PhD in Machine Learning, 2021 - 2025
University of Cambridge
MEng in Engineering Science, 2013 - 2017
University of Oxford
Hybrid Digital Twins (HDTwins) offer a novel approach to modeling dynamical systems by combining mechanistic and neural components, effectively leveraging domain knowledge while enhancing flexibility. However, existing hybrid models typically rely on manually defined architectures, limiting adaptability and generalization—particularly in data-scarce or unseen scenarios. To address this, we introduce HDTwinGen, an evolutionary algorithm that utilizes Large Language Models (LLMs) to autonomously generate, optimize, and refine hybrid digital twin architectures. Through iterative LLM-driven proposals and parameter optimization, HDTwinGen explores a vast design space, enabling the evolution of increasingly robust and generalizable HDTwins.
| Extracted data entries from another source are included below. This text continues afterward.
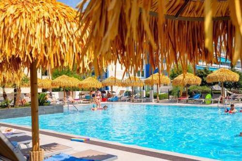 velký bazén se sluneční terasou a brouzdalištěm, umístěný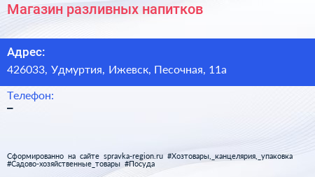 Магазин разливных напитков по адресу 426033, Удмуртия, Ижевск, Песочная, 11а в дальнейшем Организация, размещена в следующих категориях: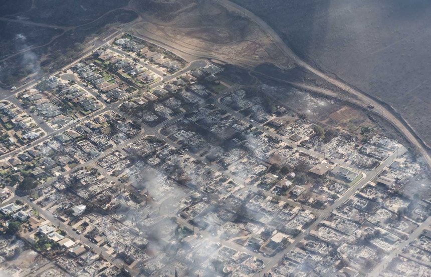Lahaina, anteriormente a capital do reino havaiano, foi parcialmente destruída. O incêndio parece ter consumido a maior parte da orla histórica da cidade, incluindo 271 estruturas e casas.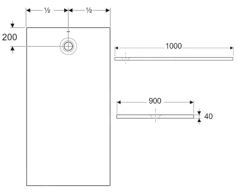 - douchebak voor vloerdiktes 10-25 cm (met poten voor ondersteuning tot het bovenste niveau van de afgewerkte vloer)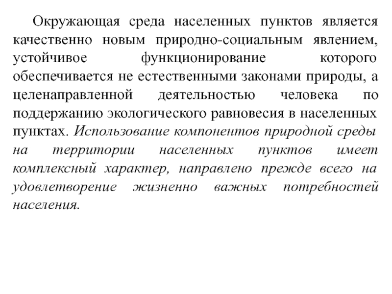 человека по поддержанию экологического равновесия в населенных пунктах. Использование компонентов природной среды на территории населенных пунктов имеет комплексный характер, направлено прежде всего на удовлетворение жизненно важных потребностей населения.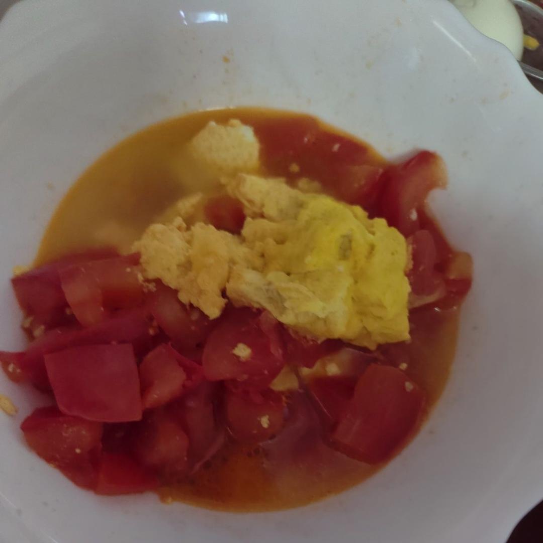 番茄炒蛋,菌菇面,莲花白,玉米
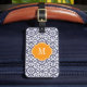 Travel with a little style with these cute Navy Blue & White Damask Pattern with Monogram Luggage Tags. Great for any size bag to easily identify your luggage while travelling. Great gift ideas.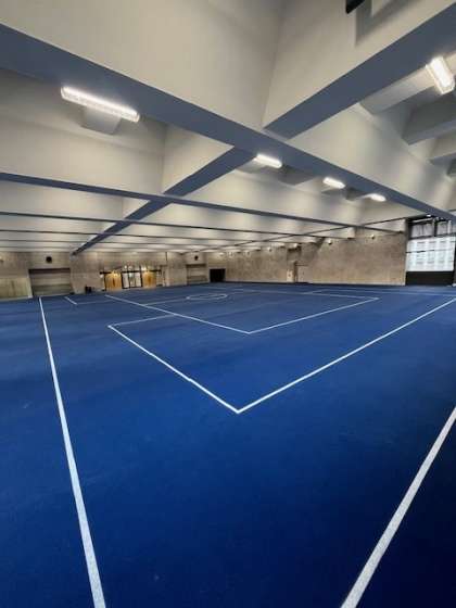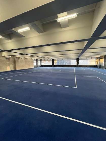 6階の屋内グランドが完成間近です。青色のゴムチップウレタンの上に、ドッジボールのコートが描かれています。南側と西側が大きく開いているので、よく風が通ります。天候に左右されずに活動できるフロアなので、開校後、大いに活用できそうです。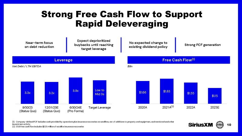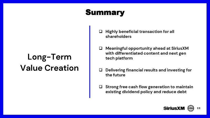10 3.3x 3.2x 3.9x Low to Mid 3s 9/30/23 (Status Quo) 12/31/23E (Status Quo) 6/30/24E (Pro Forma) Target Leverage $1.66 $1.83 $1.55 $1.15 2020A 2021A 2022A 2023E Free Cash Flow (1) $Bn Strong Free Cash Flow to Support Rapid Deleveraging Leverage Net Debt / LTM EBITDA No expected change to existing dividend policy Expect deprioritized buybacks until reaching target leverage Near - term focus on debt reduction (1) Company - defined FCF includes cash provided by operations plus insurance recoveries on satellites, net of additions to property a nd equipment, and restricted and other investment activity (2) 2021 free cash flow includes $225 million of satellite insurance recoveries Strong FCF generation (2)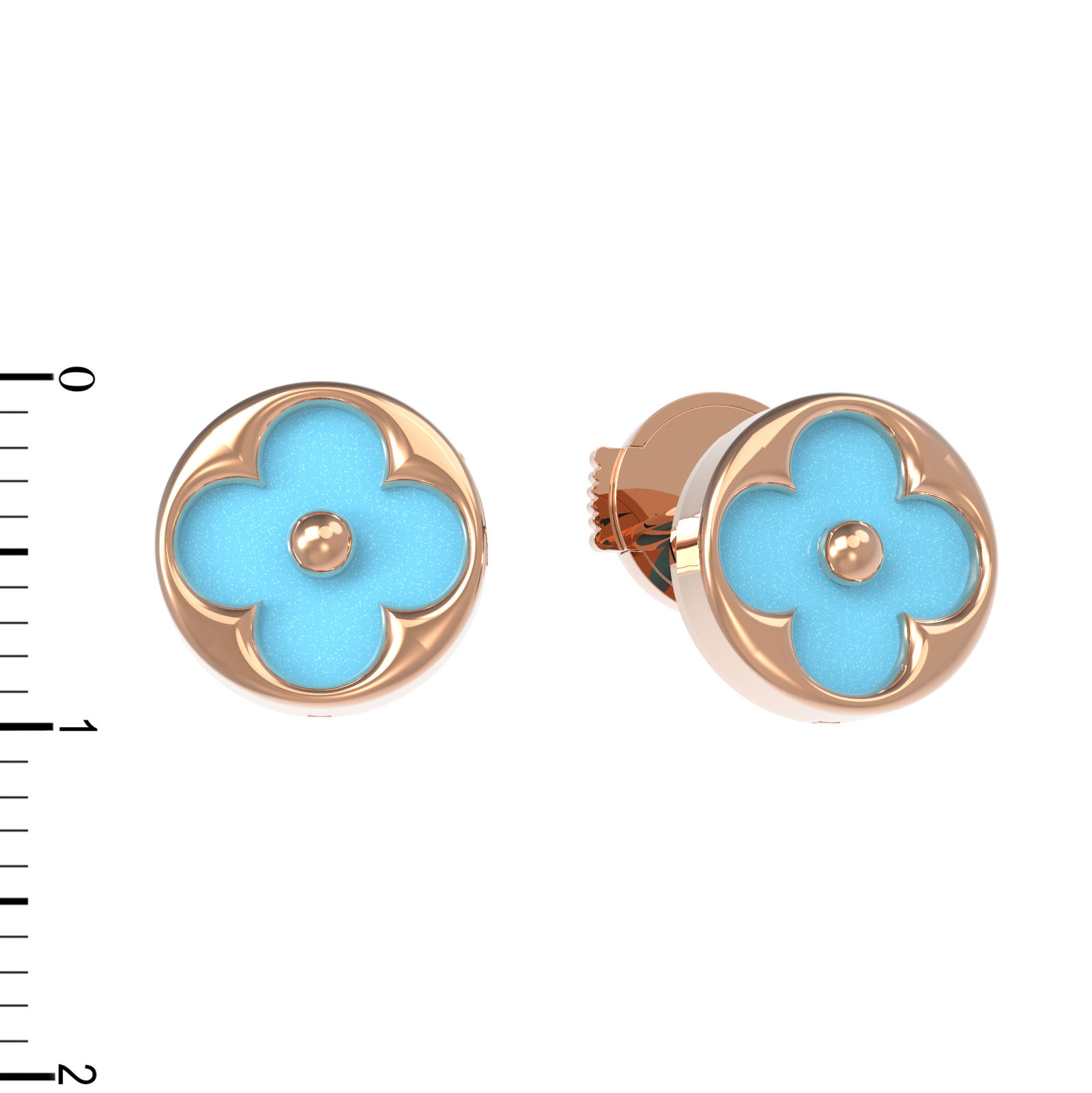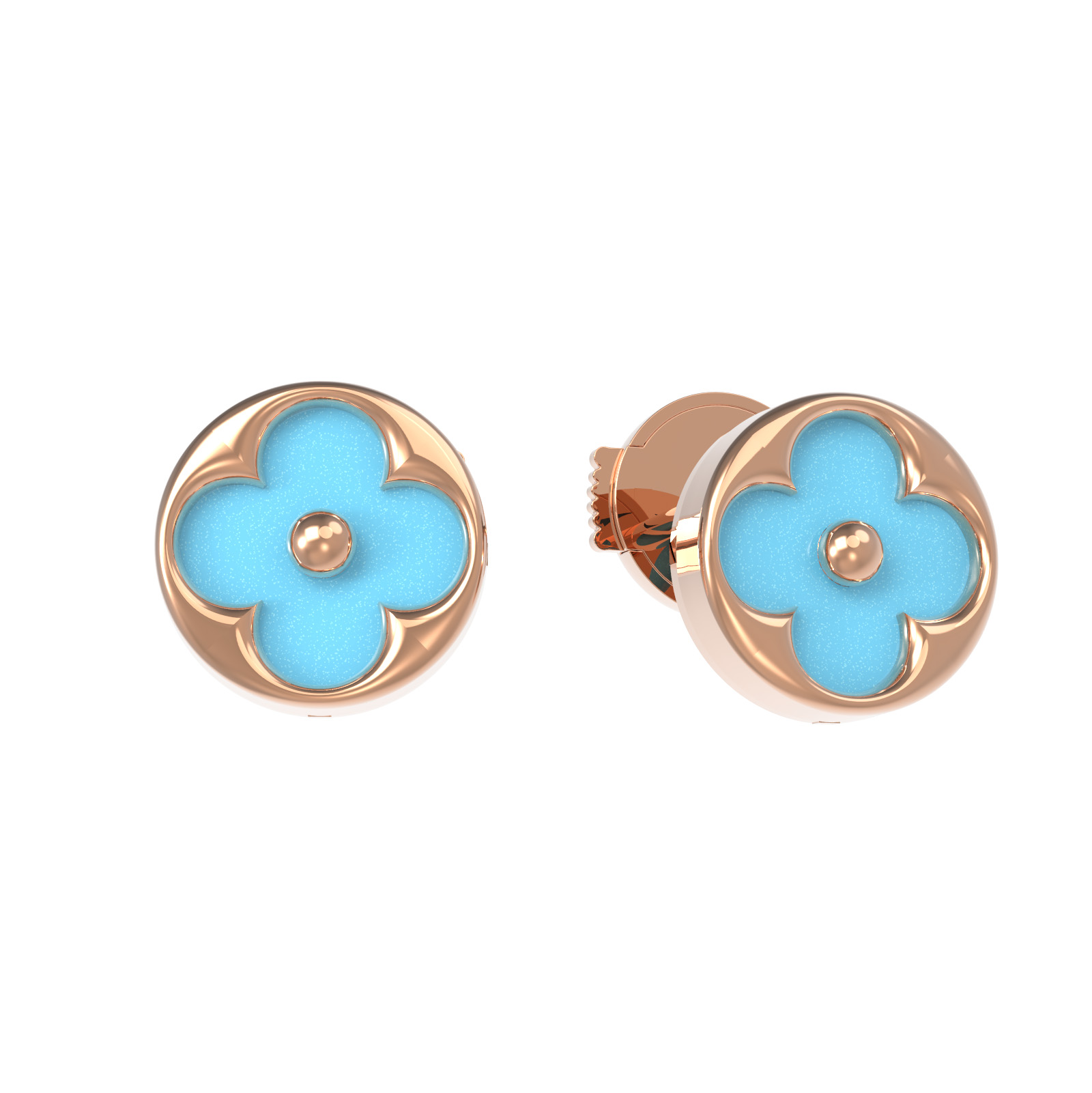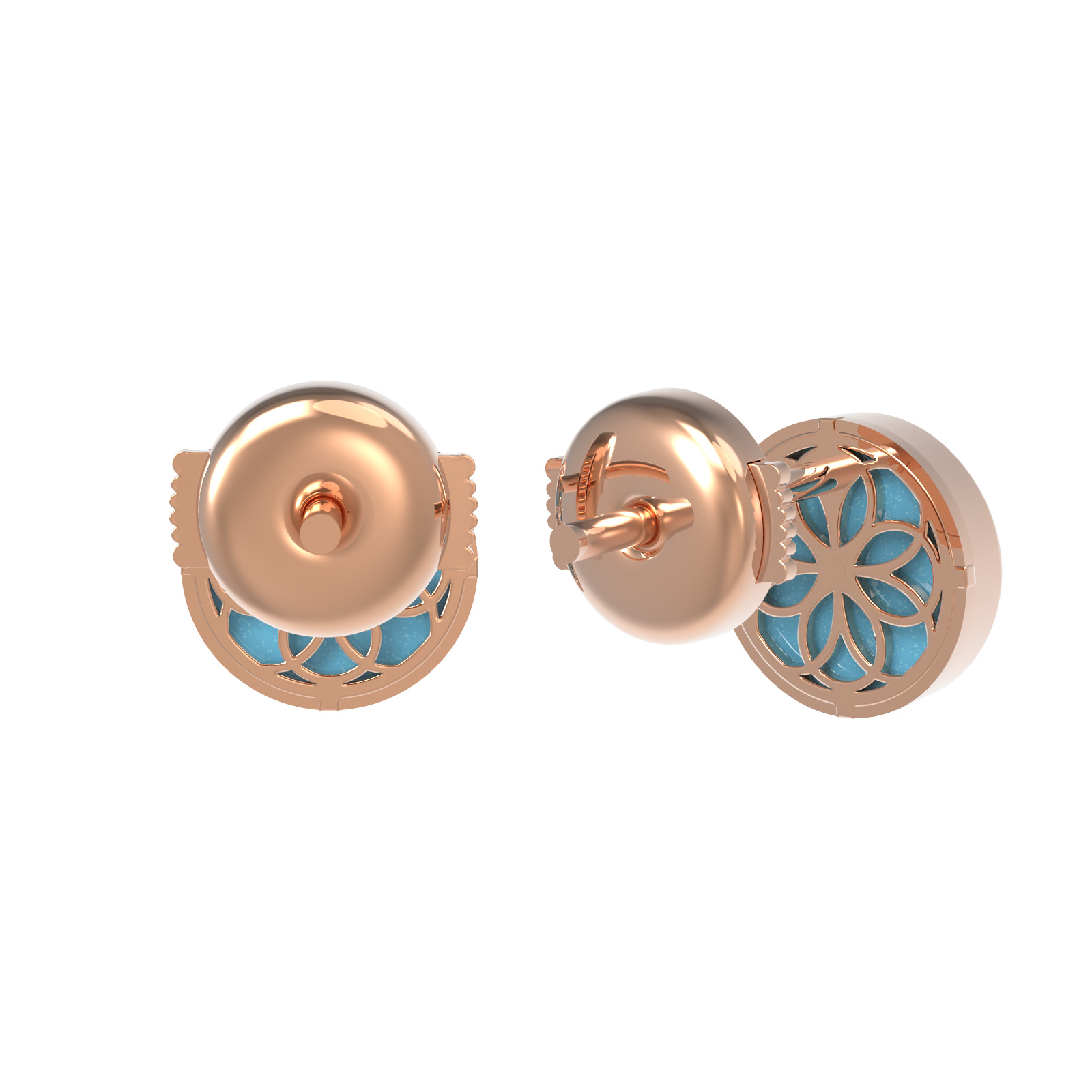 Изысканные серьги из красного золота 585 пробы — это воплощение элегантности и утонченного стиля. Дизайн украшения, выполненный в форме цветка клевера, придает изделию особое очарование и символизирует гармонию. В центре композиции расположены две вставки из натуральной бирюзы яркого бирюзового цвета, чья круглая форма гармонично дополняет мягкие линии основы. Красное золото подчеркивает насыщенный оттенок камней, создавая благородный контраст, который привлекает внимание.
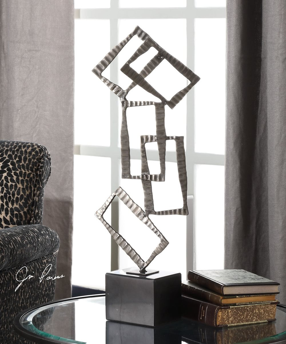 Randomly Stacked, Crimped Edge, Cast Iron Rectangles Finished In A Lightly Antiqued Brushed Nickel, Displayed On A Black Marble Base.Uttermost's Accessories Combine Premium Quality Materials With Unique High-style Design.With The Advanced Product Engineering And Packaging Reinforcement, Uttermost Maintains Some Of The Lowest Damage Rates In The Industry. Each Product Is Designed, Manufactured And Packaged With Shipping In Mind.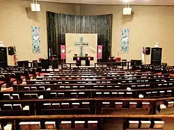 A number of Lutheran Bavarians settled to the north of Perryville, but belonged to the Friedenberg church.[5] By 1862, the Lutheran Bavarians were meeting in the Sandler House in Perryville for their Sunday services rather than making the trip to Friedenberg. In March 1866, a number of them formed a Schul-Gemeinde (a congregation for the purpose of setting up a school) for providing a Christian education in both German and English to their children. They also requested to be relinquished from the Friedenberg congregation for the purpose of stablishing their own congregation. At first, divine services and meetings were held in the Perry County Court House and in the old Methodist church to the north of the Monitor Building. In 1867, the first building was built, which served as both church and school. Pastor Friedrich Besel of the Friedenberg congregation provided pastoral services until the congregation could find its own pastor. In 1869, the Evangelical Lutheran Synod of Missouri, Ohio, and other States assigned Charles H. Demetrio to serve the congregation in Perryville. In 1894, a new church was erected, with the old church serving as the parochial school. English services were introduced in 1921, and by 1963 services were being held only in English.[6][7]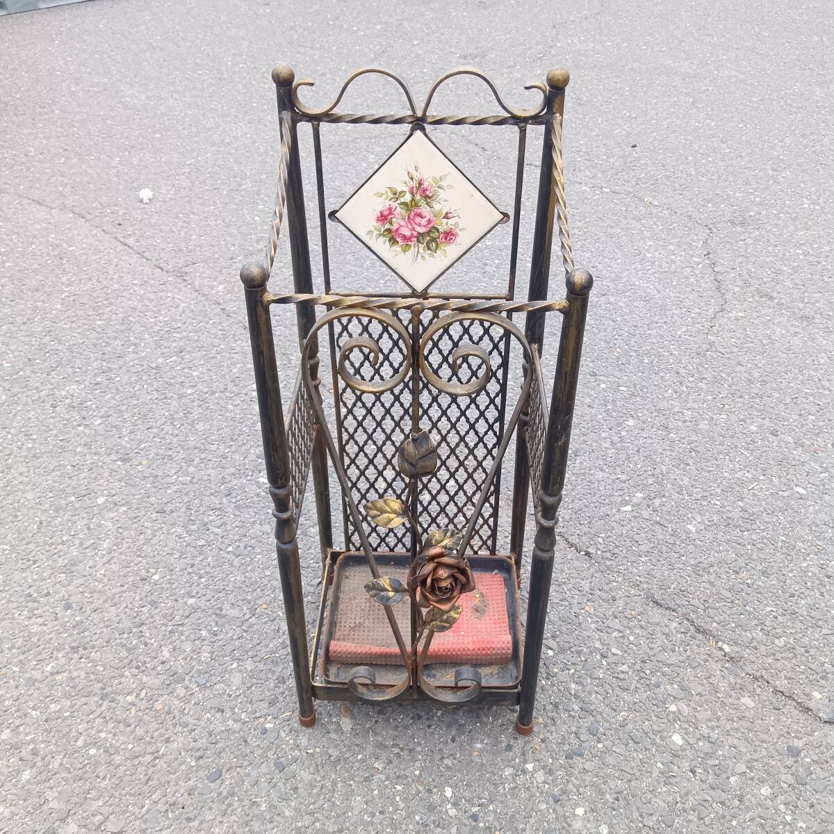 玄関に置くだけで、まるでヨーロッパの邸宅のようなエレガントな雰囲気を演出できます。重厚感のあるアイアンと美しい薔薇のタイルが、雨の日もお客様を優雅にお迎えする、そんな喜びを感じさせてくれます。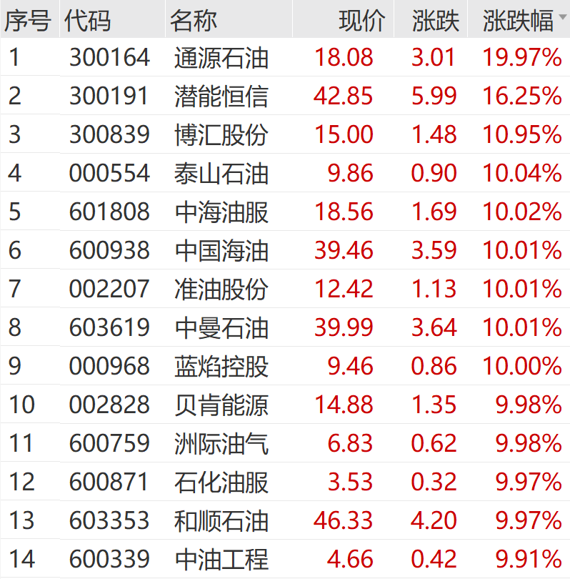 石油石化板塊掀“漲停潮”

Empirical results show that HDTwinGen surpasses conventional methods, yielding models that are not only sample-efficient but also adept at adapting to novel conditions, advancing the state of Digital Twin technology in dynamic real-world applications.
Offline preference optimization is a key method for enhancing and controlling the quality of Large Language Model (LLM) outputs. Typically, preference optimization is approached as an offline supervised learning task using manually-crafted convex loss functions. While these methods are based on theoretical insights, they are inherently constrained by human creativity, so the large search space of possible loss functions remains under explored. We address this by performing LLM-driven objective discovery to automatically discover new state-of-the-art preference optimization algorithms without (expert) human intervention. Specifically, we iteratively prompt an LLM to propose and implement new preference optimization loss functions based on previously-evaluated performance metrics. This process leads to the discovery of previously-unknown and performant preference optimization algorithms. The best performing of these we call Discovered Preference Optimization (DiscoPOP), a novel algorithm that adaptively blends logistic and exponential losses. Experiments demonstrate the state-of-the-art performance of DiscoPOP and its successful transfer to held-out tasks.
L2MAC is the first practical LLM-based stored-program automatic computer framework, suitable for generating unbounded, long, and consistent outputs. This framework, instantiated and demonstrated for large code base coding tasks, leverages an external memory comprised of a file store and instruction registry, as well as a control unit managing the context of the LLM. Consequently, it overcomes the limitation imposed by the fixed context window constraint inherent in transformer-based LLM architectures, outperforming other methods in generating large code bases for complex system design tasks.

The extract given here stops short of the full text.